> What you have to do
Please print, exactly, only the lines in the entries below from the line that has "If you choose" through the line that has "同一天,NBA布鲁克林篮网队". Pictures don't go in.

> Dataset excerpts
----

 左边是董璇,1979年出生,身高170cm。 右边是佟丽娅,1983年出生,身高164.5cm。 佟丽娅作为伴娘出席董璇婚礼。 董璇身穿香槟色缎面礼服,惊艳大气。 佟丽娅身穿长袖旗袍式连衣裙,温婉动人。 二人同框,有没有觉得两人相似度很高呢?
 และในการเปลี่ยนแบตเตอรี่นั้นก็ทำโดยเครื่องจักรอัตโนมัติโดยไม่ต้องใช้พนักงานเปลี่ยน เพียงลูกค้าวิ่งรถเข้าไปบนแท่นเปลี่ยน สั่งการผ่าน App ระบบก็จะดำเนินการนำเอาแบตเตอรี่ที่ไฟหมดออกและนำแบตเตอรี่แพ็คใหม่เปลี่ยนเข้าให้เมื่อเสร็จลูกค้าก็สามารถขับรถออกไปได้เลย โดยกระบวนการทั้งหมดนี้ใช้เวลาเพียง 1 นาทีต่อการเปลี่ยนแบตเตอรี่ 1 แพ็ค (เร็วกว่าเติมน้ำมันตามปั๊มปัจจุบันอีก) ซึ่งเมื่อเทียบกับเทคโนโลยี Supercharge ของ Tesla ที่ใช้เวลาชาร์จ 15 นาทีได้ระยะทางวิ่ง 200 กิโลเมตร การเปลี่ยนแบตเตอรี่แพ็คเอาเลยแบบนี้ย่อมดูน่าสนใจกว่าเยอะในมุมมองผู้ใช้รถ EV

----

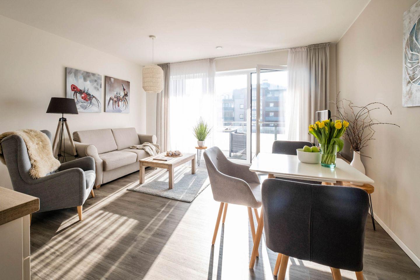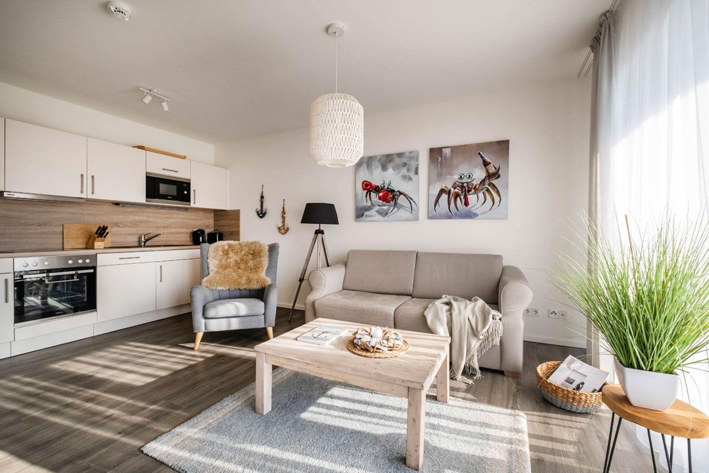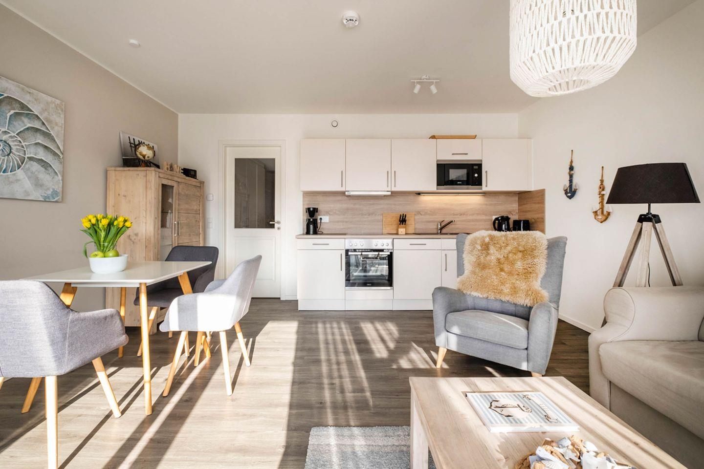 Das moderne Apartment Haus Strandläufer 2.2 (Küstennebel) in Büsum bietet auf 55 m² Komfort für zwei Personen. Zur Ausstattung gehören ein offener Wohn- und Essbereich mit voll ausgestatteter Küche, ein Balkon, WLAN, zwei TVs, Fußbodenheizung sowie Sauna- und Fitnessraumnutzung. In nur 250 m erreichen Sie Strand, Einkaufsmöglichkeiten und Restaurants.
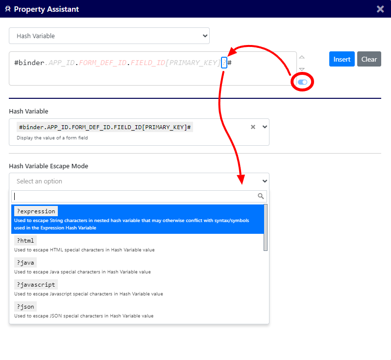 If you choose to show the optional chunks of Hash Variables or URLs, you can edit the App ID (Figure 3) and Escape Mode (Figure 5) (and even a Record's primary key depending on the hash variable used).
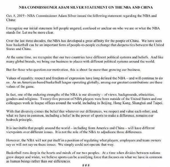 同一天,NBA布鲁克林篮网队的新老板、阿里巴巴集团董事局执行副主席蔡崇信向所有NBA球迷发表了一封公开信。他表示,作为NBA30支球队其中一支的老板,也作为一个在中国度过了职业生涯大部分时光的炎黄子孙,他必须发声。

----

> Response for this exercise
 If you choose to show the optional chunks of Hash Variables or URLs, you can edit the App ID (Figure 3) and Escape Mode (Figure 5) (and even a Record's primary key depending on the hash variable used).
 同一天,NBA布鲁克林篮网队的新老板、阿里巴巴集团董事局执行副主席蔡崇信向所有NBA球迷发表了一封公开信。他表示,作为NBA30支球队其中一支的老板,也作为一个在中国度过了职业生涯大部分时光的炎黄子孙,他必须发声。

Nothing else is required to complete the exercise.